Thursday, April 15, 2010

Some Pre-Flight Notes

  
Three weeks before my departure, my brain is whirring and cluttered, a jumble of thoughts on things that need to be done or obtained or otherwise checked off of lists before I go. I have been putting together the pieces of the actual trip for some months now, booking accommodations, reading up on local customs and culture, getting poked in the arm so as not to contract polio or Japanese encephalitis, and purchasing fancy camera batteries and outlet adapters. But in these last few weeks, there are more personal things I am trying to do, loose ends to tie up, friends and family to see one more time before saying goodbye for the rest of the year. In the next 20 days, I'll move out of my apartment, figure out exactly what I am taking with me, make at least one trip to REI, work ten more days at the credit union, get two more shots and make sure my travel prescriptions are filled, finish the painting that's been sitting on my easel mostly done for several months so I can finally sell it to the person who commissioned it, spend a little time with my mom, and throw myself a going-away party. The brain is busy.

As excited as I am to traipse around feeding Irish piglets and helping third-world orphans with their idioms, I do have mixed feelings about actually leaving. It's not that I'm nervous about this trip; people keep asking if I am, and perhaps I should be, but I'm not. Maybe that will happen mid-July, when the time comes to fly from Ireland--a western nation I've visited before, where everyone speaks English (more or less) and it's perfectly safe for me to eat raw produce--to rural Nepal, an utterly foreign place where I will have to relinquish nearly all control over my situation, from food and lodging to communication and toilet facilities. This will be a challenge for me; I am a born planner. A list-maker, a logical thinker-ahead, always more comfortable knowing what to expect. Even if it means expecting something unpleasant, at least I can see it coming. I understand I cannot count on this level of control in Nepal.
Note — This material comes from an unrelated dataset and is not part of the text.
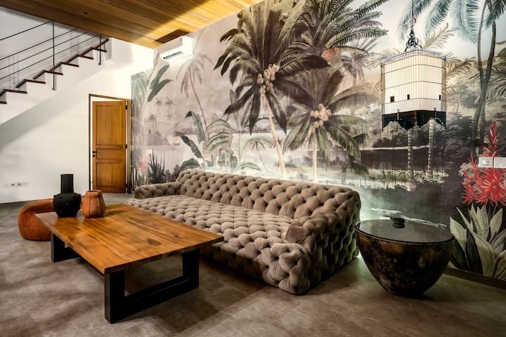 CANGGU LOFT VILLA 6 ห้องนอนที่เชื่อมต่อกันแห่งนี้ตั้งอยู่ใน Pererenan ที่ทันสมัยที่สุดเป็นที่พักที่เหมาะสำหรับการพักผ่อนกับครอบครัวที่มีผู้เข้าพักสูงสุด 12 คน

And I guess there's some trepidation about being on my own for such a long period. As much fun as I had on my last solo trip two years ago, by the time it was over, I was ready to go home. I felt like I'd been away for ages--and that was only four weeks!

I am also a little sorry to be going away at this particular time. There are relationships--both personal and professional--that I find myself reluctant to walk away from. Of course I will miss my family and longtime friends, but there are also a few people I have only recently had the privilege of getting to know who may have moved on, one way or another, by the time I return. Six months ago, this was not the case, and I would only have been too happy to jet away from the impending Seattle winter (mild as it turned out to be, all said,) but now, with spring's sweetness in the air and the promise of long summer days just around the corner, I am saddened a little that I have chosen to spend all that time away from everyone I know, in Galway's drizzle and Pokhara's monsoon, only to return home just as another winter throws its dark, blustery cloak over the city.

So I'm a little sad and probably a little anxious and I don't know how I'm going to go more than a month without seeing my brother, but at the end of the day, it is excitement I feel most. Ever since returning from my last adventure, I have had daily daydreams about all the interesting places I would like to go, all the great characters I could meet and the grand adventures I could have. A few months of those daydreams and I couldn't bear it much longer. I just had to pick one I could make a reality, make a couple of contacts and book some flights. So here I am, preparing for my biggest plunge yet.  And I guess when I take a step back from the shots and the fear of homesickness and the unquenchable desire to know exactly what to expect from the second portion of the trip, it's just a big swell of joyful anticipation.